The top image only shows the light that would be visible to our eyes. It was taken from the Hubble Space Telescope over a long period of time and slightly colorized to imitate what the galaxy would look like in real life.
It’s a stunning image by itself, but one that seems dull when compared to the one below: Visible light blended together with colorized X-rays and infrared rays.
X-ray and infrared “light” would normally be invisible to our eyes. But when it’s captured and processed, it gives us an idea of how much lies beyond our greatly limited field of vision.
Humans cannot see in total darkness, but they do have night vision.
The rod cells along the retina specialize in low-light settings. They’re responsible for most of what you see when you walk around a dimly lit room or stroll outdoors after dusk. But since they don’t respond to color, night vision is mostly colorless.

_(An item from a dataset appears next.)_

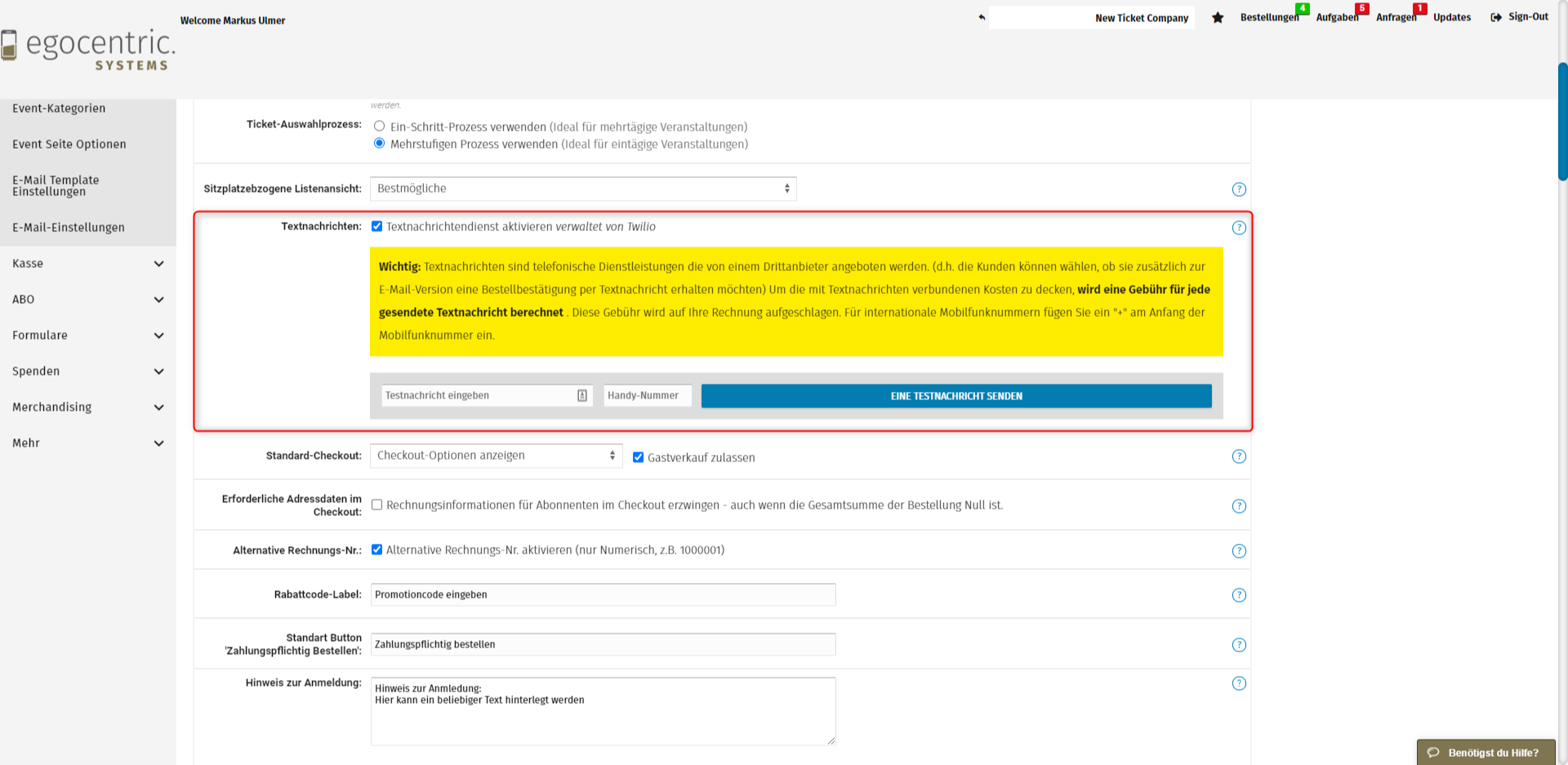 Für die Aktivierung navigiere zu "Einstellungen" >> "Veranstaltungen" >> "Veranstaltungseinstellungen" und aktiviere die Checkbox "Textnachrichten". Mit vorgenommener Aktivierung können Kunden die Bestellbestätigung als Textnachricht erhalten. Zusätzlich kannst Du die weitere Kommunikation mit Deinen Kunden ebenfalls als Textnachricht umsetzen. Ein paar Beispiele:

Night vision isn’t a fast process in humans. After the pupils open wider to allow more light inside, it takes rod cells between five and 10 minutes to kick in. It takes them almost half an hour to completely adjust to the dark.
A lot of animals don’t have this problem.
There’s a good chance you’ve seen a bright reflection in an animal’s eyes at night or in photos. You can see it in dogs, cats and horses, in addition to wild animals like deer and raccoons.
That colorful glare is their tapetum lucidum, an iridescent layer in the backs of their eyes. It’s a handy evolutionary feature that helps them see in the dark by reflecting more light onto the retina.
But nature has its trade-offs, and daytime vision in humans tends to be sharper and more colorful than that of our four-legged friends.
Common eyesight problems
The perfect human eye focuses light neatly onto the retina in the back of the eye. But humans aren’t perfect, and minor vision problems happen all the time.
Refractive errors are very common conditions that change the way light strikes the retina. They include:
Nearsightedness: Light focuses too far in front of the retina and causes distant objects to look blurry. This usually happens because the eyeball’s shape is too long.
Farsightedness: Light focuses too far past the retina and causes near objects to look blurry. This usually happens because the eyeball’s shape is too short.
Astigmatism: Light doesn’t focus on the retina correctly because the cornea or lens is misshapen. This can cause both near and far objects to look blurry.
Presbyopia: Less flexible lenses and weaker muscles around them cause farsightedness. This happens to everyone as they get older.
The absence of vision
Partial or complete blindness can occur when something interrupts a step in the vision process. Eye-related problems cause most cases of vision loss, but brain conditions and injuries can lead to blindness too.
Vision loss that starts in or around the eyes is usually the result of a problem in one of these areas:
Macula (the center of the retina)
When someone experiences blindness, their brain starts to form new connections to strengthen other senses. Over time, they learn to rely on these senses to compensate for their loss of vision.
The World Health Organization states that more than half the cases of blindness worldwide are caused by cataracts, a slow clouding of the eye’s clear lens. Without surgery to replace the cloudy lens, partial vision loss can eventually lead to blindness.
Caring for our vision
The Greek philosopher Aristotle once wrote that “we prefer seeing to everything else.” Taste, smell, hearing and touch are all important parts of human perception. But more than 2,000 years later, most of us would agree with Aristotle.
To keep our vision in the best condition, we need to take care of it.
By staying on top of eye health, you’re giving your retinas, lenses, rods and cones the best shot at humming along for years to come.